Extracted records:

↓↓↓

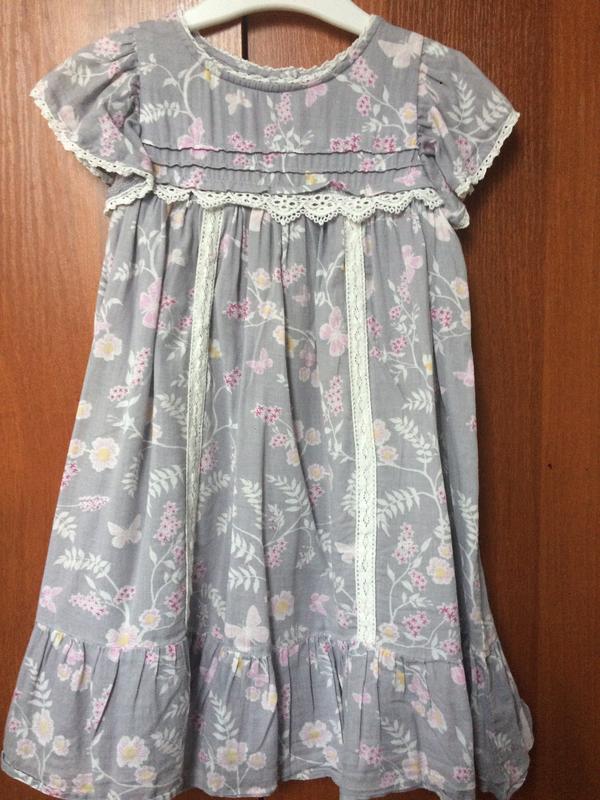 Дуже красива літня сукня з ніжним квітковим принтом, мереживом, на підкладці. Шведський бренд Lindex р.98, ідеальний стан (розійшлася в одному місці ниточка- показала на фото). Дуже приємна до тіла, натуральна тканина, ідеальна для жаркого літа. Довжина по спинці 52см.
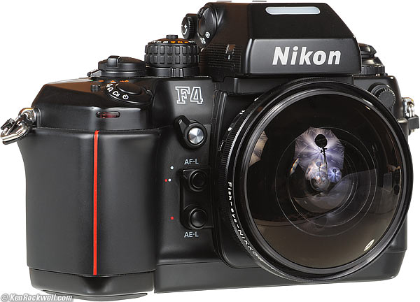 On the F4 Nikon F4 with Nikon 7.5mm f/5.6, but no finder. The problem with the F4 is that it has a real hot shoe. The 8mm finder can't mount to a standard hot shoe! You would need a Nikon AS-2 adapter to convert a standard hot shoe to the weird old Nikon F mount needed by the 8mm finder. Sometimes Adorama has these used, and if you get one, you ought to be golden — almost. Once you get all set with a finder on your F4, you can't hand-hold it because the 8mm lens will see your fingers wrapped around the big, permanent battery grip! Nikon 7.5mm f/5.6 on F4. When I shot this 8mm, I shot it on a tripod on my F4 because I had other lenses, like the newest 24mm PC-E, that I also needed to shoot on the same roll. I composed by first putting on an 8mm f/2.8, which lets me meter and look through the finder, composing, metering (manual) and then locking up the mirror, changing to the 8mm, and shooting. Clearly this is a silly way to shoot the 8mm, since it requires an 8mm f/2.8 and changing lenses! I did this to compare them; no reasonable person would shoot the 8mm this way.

↑↑↑
↓↓↓

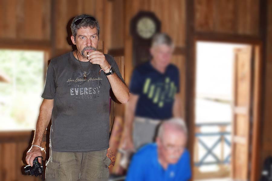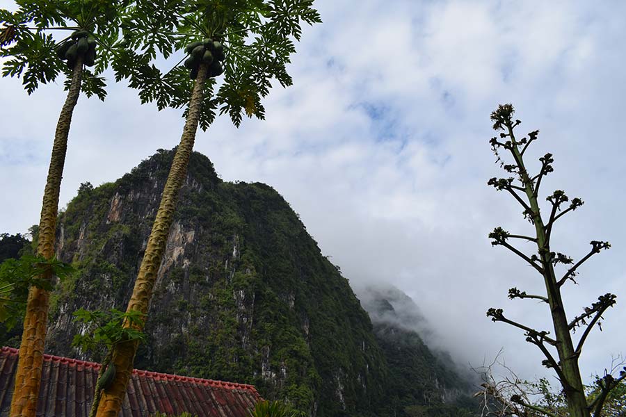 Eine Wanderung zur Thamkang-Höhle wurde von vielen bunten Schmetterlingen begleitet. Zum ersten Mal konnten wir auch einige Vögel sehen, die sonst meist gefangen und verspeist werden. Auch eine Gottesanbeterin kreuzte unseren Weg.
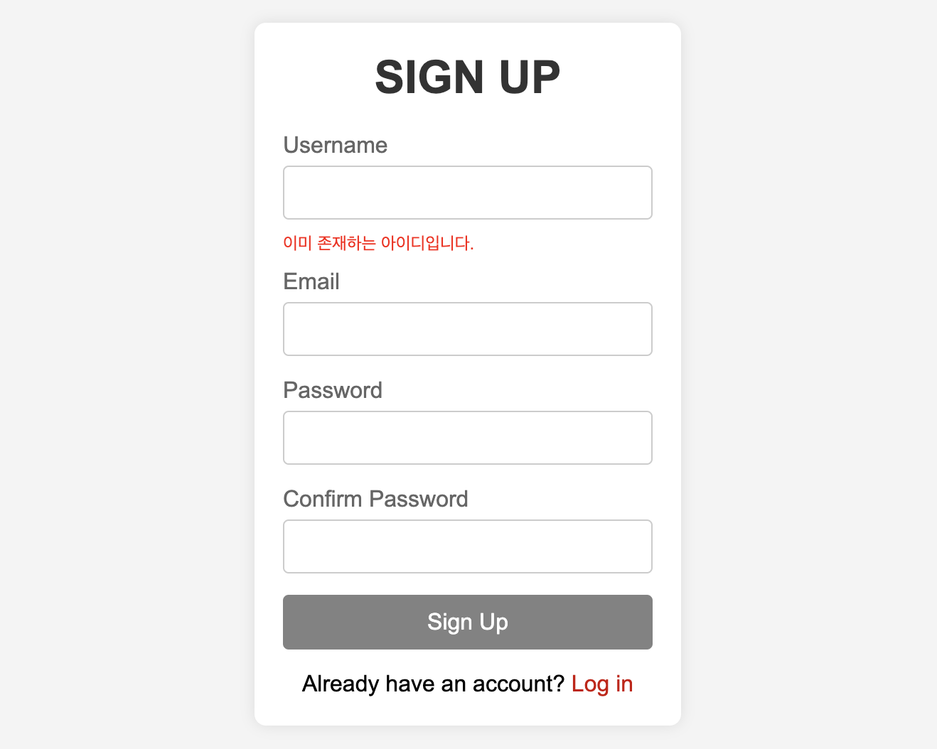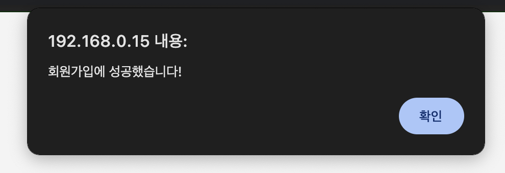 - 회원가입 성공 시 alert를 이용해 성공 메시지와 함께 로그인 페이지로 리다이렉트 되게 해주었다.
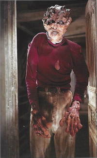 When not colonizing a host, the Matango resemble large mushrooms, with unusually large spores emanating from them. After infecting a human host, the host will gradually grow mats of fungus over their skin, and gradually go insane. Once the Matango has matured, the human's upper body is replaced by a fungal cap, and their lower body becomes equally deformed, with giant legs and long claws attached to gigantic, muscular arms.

↑↑↑

From the data above, retype only the lines starting with the line with "Дуже красива літня" and going on through the line with "On the F4 Nikon", exactly, leaving out the pictures.

 Дуже красива літня сукня з ніжним квітковим принтом, мереживом, на підкладці. Шведський бренд Lindex р.98, ідеальний стан (розійшлася в одному місці ниточка- показала на фото). Дуже приємна до тіла, натуральна тканина, ідеальна для жаркого літа. Довжина по спинці 52см.
 On the F4 Nikon F4 with Nikon 7.5mm f/5.6, but no finder. The problem with the F4 is that it has a real hot shoe. The 8mm finder can't mount to a standard hot shoe! You would need a Nikon AS-2 adapter to convert a standard hot shoe to the weird old Nikon F mount needed by the 8mm finder. Sometimes Adorama has these used, and if you get one, you ought to be golden — almost. Once you get all set with a finder on your F4, you can't hand-hold it because the 8mm lens will see your fingers wrapped around the big, permanent battery grip! Nikon 7.5mm f/5.6 on F4. When I shot this 8mm, I shot it on a tripod on my F4 because I had other lenses, like the newest 24mm PC-E, that I also needed to shoot on the same roll. I composed by first putting on an 8mm f/2.8, which lets me meter and look through the finder, composing, metering (manual) and then locking up the mirror, changing to the 8mm, and shooting. Clearly this is a silly way to shoot the 8mm, since it requires an 8mm f/2.8 and changing lenses! I did this to compare them; no reasonable person would shoot the 8mm this way.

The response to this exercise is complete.